電話をかけ直す暇も与えられず
心配で胸が張り裂けそうになっていると、「人妻を妊娠させてしまい、夫にバレてもめている。騙されていると思ってDNA鑑定をしたら、99.9%俺の子どもだった」と言う。「お母さんが育てようか?」と訊ねると、「そこまで迷惑をかけられない」の答え。
双方の弁護士の話し合いの結果、120万円で示談が成立し、弁護士費用の35万円と20万円は自分で払ったから残りを用立ててほしいという。
お金を出す前に夫に伝えると言うと怒りだし、「兄さんに相談したら?」と聞いたら、「みっともないから知られたくない」と悲痛な声をあげた。(そのくらい自分で稼いでいるじゃない)という思いがよぎったが、(息子が最低なことをしたとネットで拡散されたらどうしよう)と思うと焦った。
電話をかけ直す暇も与えられず、窮状を並べたてられ、他の手立てが思い浮かばない。
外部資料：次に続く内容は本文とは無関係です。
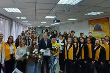 Студенты шести групп вуза познакомились с действительно необычной историей о том, как человек, занимавшийся техническими науками, ученый, обнаружил в себе талант и любовь к творчеству и посвятил ему большую часть жизни. Его "Нетрудовая автобиография. О себе (шутя): Ефимовский (Берлин) Ефим Семёнович все-таки родился 13 декабря 1946 года в городе Ленинграде. В 1961-65 гг. кое-как учился в техникуме Авиаприборостроения. В 1966-68 гг. лениво служил в рядах Советской Армии. В 1968-1977гг. отдыхал техником, потом инженером в научной лаборатории одного из Конструкторских Бюро. Как-то «НЕЧАЯННО» защитил диссертацию, и даже стал доцентом. В1974 г. поступил сам и еле-еле закончил заочное отделение института Киноинженеров. С 1977 по 1982 гг. в шутку назывался руководителем Клуба Сатиры и Юмора при ДК „Пищевиков“. С1974 по1990 г.г. подрабатывал поэтом в сатирическом объединении Ленинградских художников и поэтов „Боевой карандаш“. В 198 -1991 гг. в качестве автора-исполнителя валял дурака на сцене ленинградского театра „Эксперимент“. В спектакле „Урок смеха“ обзывался в афишах „первым учеником“ — двоечником и выскочкой… К 2009 году успел настучать НА МАШИНКЕ (и клавиатуре компьютера) более тридцати книг для детей и взрослых. Учебники в стихах... и.д.». Ефим Ефимовский так увлёкся увлекательными историями о науках в стихах, что ушел из научной лаборатории…и стал просто поэтом, режиссером, драматургом.

なんでもサッサと物事を処理するのを良しとする私の性格も裏目に出た。
今思えば、私が「取り返しのつかないことをしてしまったね。でも、あなたも彼女のこと好きだったのね」と言ったとき、受話器の向こうから不敵な笑いが聞こえていた気がする。
しかし、100万円もの大金は手元になかった。3年前に現役を退いた夫は、好きな料理を一手に引き受けてくれ、私は趣味や習い事に日々を費やし、年金でのんきに暮らしてきた。
蓄財はない。困った末に、一度も使ったことはないが、口座を持っている銀行のカードローンがあるのを思い出した。落ち着いたら次男が自分で返せる額だ。使ってはいけないお金だけど、少しの間拝借するだけならいいだろう。